Although SVGs, being XML-based, are a logical XML approach to linking graphics to other data, other Vector-based tools, such as GIS systems (ESRI ArcInfo, CAD systems) as well as Adobe (formerly Macromedia) Flash can also enable links between graphic elements and XML-based data.

Summary

The three XML applications described above are just a sampling of the possibilities that XML offers LIS-oriented geospatial applications, especially as the XML family of applications is constantly evolving.  For LIS professionals managing geospatial data, XML provides the means to extract spatial information from isolated data silos for deployment in infinite applications,  in the process providing new ways to study our planet.

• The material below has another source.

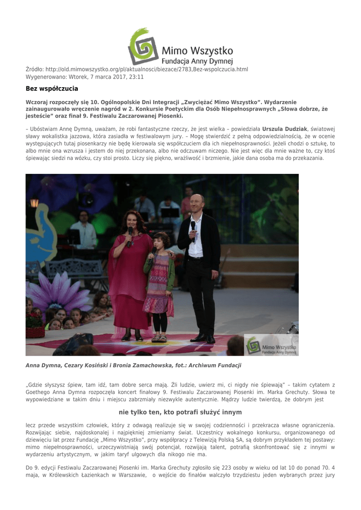Źródło: http://old.mimowszystko.org/pl/aktualnosci/biezace/2783,Bez-wspolczucia.html Wygenerowano: Wtorek, 7 marca 2017, 23:11 Bez współczucia Wczoraj rozpoczęły się 10. Ogólnopolskie Dni Integracji „Zwyciężać Mimo Wszystko”. Wydarzenie zainaugurowało wręczenie nagród w 2. Konkursie Poetyckim dla Osób Niepełnosprawnych „Słowa dobrze, że jesteście” oraz finał 9. Festiwalu Zaczarowanej Piosenki. – Ubóstwiam Annę Dymną, uważam, że robi fantastyczne rzeczy, że jest wielka – powiedziała Urszula Dudziak, światowej sławy wokalistka jazzowa, która zasiadła w festiwalowym jury. – Mogę stwierdzić z pełną odpowiedzialnością, że w ocenie występujących tutaj piosenkarzy nie będę kierowała się współczuciem dla ich niepełnosprawności. Jeżeli chodzi o sztukę, to albo mnie ona wzrusza i jestem do niej przekonana, albo nie odczuwam niczego. Nie jest więc dla mnie ważne to, czy ktoś śpiewając siedzi na wózku, czy stoi prosto. Liczy się piękno, wrażliwość i brzmienie, jakie dana osoba ma do przekazania. Anna Dymna, Cezary Kosiński i Bronia Zamachowska, fot.: Archiwum Fundacji „Gdzie słyszysz śpiew, tam idź, tam dobre serca mają. Źli ludzie, uwierz mi, ci nigdy nie śpiewają” – takim cytatem z Goethego Anna Dymna rozpoczęła koncert finałowy 9. Festiwalu Zaczarowanej Piosenki im. Marka Grechuty. Słowa te wypowiedziane w takim dniu i miejscu zabrzmiały niezwykle autentycznie. Mądrzy ludzie twierdzą, że dobrym jest nie tylko ten, kto potrafi służyć innym lecz przede wszystkim człowiek, który z odwagą realizuje się w swojej codzienności i przekracza własne ograniczenia. Rozwijając siebie, najdoskonalej i najpiękniej zmieniamy świat. Uczestnicy wokalnego konkursu, organizowanego od dziewięciu lat przez Fundację „Mimo Wszystko”, przy współpracy z Telewizją Polską SA, są dobrym przykładem tej postawy: mimo niepełnosprawności, urzeczywistniają swój potencjał, rozwijają talent, potrafią skonfrontować się z innymi w wydarzeniu artystycznym, w jakim taryf ulgowych dla nikogo nie ma. Do 9. edycji Festiwalu Zaczarowanej Piosenki im. Marka Grechuty zgłosiło się 223 osoby w wieku od lat 10 do ponad 70. 4 maja, w Królewskich Łazienkach w Warszawie, o wejście do finałów walczyło trzydziestu jeden wybranych przez jury wokalistów. Dwunastu z nich wystąpiło w sobotę na krakowskim Rynku. Kiedy wybrzmiał festiwalowy hymn, czyli radosne i energetyzujące „Assa Tadarassa”, na scenie pod Ratuszem pojawiła się Irena Santor, opiekunka artystyczna wszystkich edycji konkursu, a także tegoroczni jurorzy: Urszula Dudziak, Jacek Cygan, Jerzy Stuhr, Zbigniew Preisner, Jan Kanty Pawluśkiewicz, Adam Sztaba, Ewa Błaszczyk, Marek Piekarczyk, Monika Kuszyńska i Magdalena Waligórska (sekretarz). Pośród głośnego aplauzu publiczności każdy wypuścił z dłoni białego gołębia. Publiczność nie zawiodła, fot.: Archiwum Fundacji – Niech piosenka, jak te ptaki, poszybuje w przestworza, niech uwolni w nas radość, obali wszelkie bariery, da nam nowe siły i rozjaśnia nasz świat – powiedziała Irena Santor. Podczas tegorocznego koncertu finaliści Festiwalu Zaczarowanej Piosenki mierzyli się z utworami, do których słowa napisał Jacek Cygan. Współautor przeboju Eurowizji „To nie ja!” przewodniczył także składowi jury. Dwunastce wokalistów z niepełnosprawnościami towarzyszyły na scenie gwiazdy: Katarzyna Groniec, Kayah, Anna Ozner, Ryszard Rynkowski, Grzegorz Turnau i Mrozu. Koncert rozpoczęli piosenkarze do lat 16. Tę część finału Anna Dymna poprowadziła z Cezarym Kosińskim. – Jestem tu dlatego, że swojej popularności uwielbiam używać również do fajnych spraw – wyznała Kayah. – Podczas prób z Julią i Michałem Wiśniewskim usłyszałam, że ci ludzie są bardzo muzykalni. Myślę, że, pracując nad sobą, mogą osiągnąć sukces. Talent jest talentem, muzykalność – muzykalnością. Nic innego nie wchodzi w grę. Tego rodzaju festiwal nie tylko staje się szansą dla młodych ludzi z niepełnosprawnościami fizycznymi, ale uczy też empatii, której nam, Polakom, brakuje. Cieszę się ogromnie, że tu jestem. Mówiąc szczerze Julka i Michał śpiewają czyściej niż niejeden znany wokalista – 12-letnia Julia Bagińska ze Stróżów, w duecie z Kayah, wykonała „Śpij, kochanie, śpij”, solo: „Wszystkie dzieci nasze są” – 13-letnia Viktoria Pongowska z Ostrowca Świętokrzyskiego zaśpiewała, w duecie z Mrozu, „1000 metrów”, solo: „Dary losu” – 14-letnia Sandra Chorąży ze Szczecina, w duecie z Grzegorzem Turnauem, wykonała „Lirykę”, solo: „Jawę” – 14-letnia Aleksandra Orłowska z Krupskiego Młyna, w duecie z Anną Ozner zaśpiewał „Do przodu żyj”, solo: „Zakazany owoc” – 16-letnia Ilona Kałuża z Rypina, w duecie z Katarzyną Groniec, wykonała „Szyby”, solo: „Śpiewająco” – 14-letni Roland Świstek z Płotów, w duecie z Ryszardem Rynkowskim, zaśpiewał „Dziewczyny lubią brąz”, solo: „Inny nie będę” Werdykt co do trzeciego i drugiego miejsca nie był jednogłośny. Jednak nikt z jurorów nie miał wątpliwości, komu należy przyznać pierwszą nagrodę. Zwycięzcą 9. Festiwalu Zaczarowanej Piosenki im. Marka Grechuty w kategorii do 16. roku życia został Roland Świstek. Drugie miejsce przyznano Ilonie Kałuży, trzecie – Sandrze Chorąży. – Roland był rewelacyjny – stwierdziła, nie kryjąc wzruszenia, Joanna Lalek, jedna z nauczycielek śpiewu, która dla finalistów festiwalu prowadziła tygodniowe warsztaty wokalne poprzedzające koncert. – Chłonął cudownie interpretację utworów. Jako osoba niewidoma, doskonale na przykład zrozumiał słowo „jasnoniebieski” – jako synonim określeń „czysty”, „niewinny”, „anielski”, „dobry”… To było dla mnie zupełnie wyjątkowe doświadczenie. Wzruszenia i dumy nie krył także Rys

1 In the past decade, terms like geospatial data and geospatial data management have begun to replace the traditional LIS terms of  maps and map librarianship  Geospatial data reflects contemporary map production, which is achieved both with relatively simple online tools such as Google Maps and with complicated proprietary GIS software such as ESRI ArcInfo.  Such tools create maps on the fly, combining disparate sources such as vector shapes, data tables, and satellite images to produce multiple output formats, from classic choropleth maps printed at a set scale and paper size to resizable and interactive maps for display in web pages, in GPS-enabled handheld devices, multimedia, and many other forms of digital output.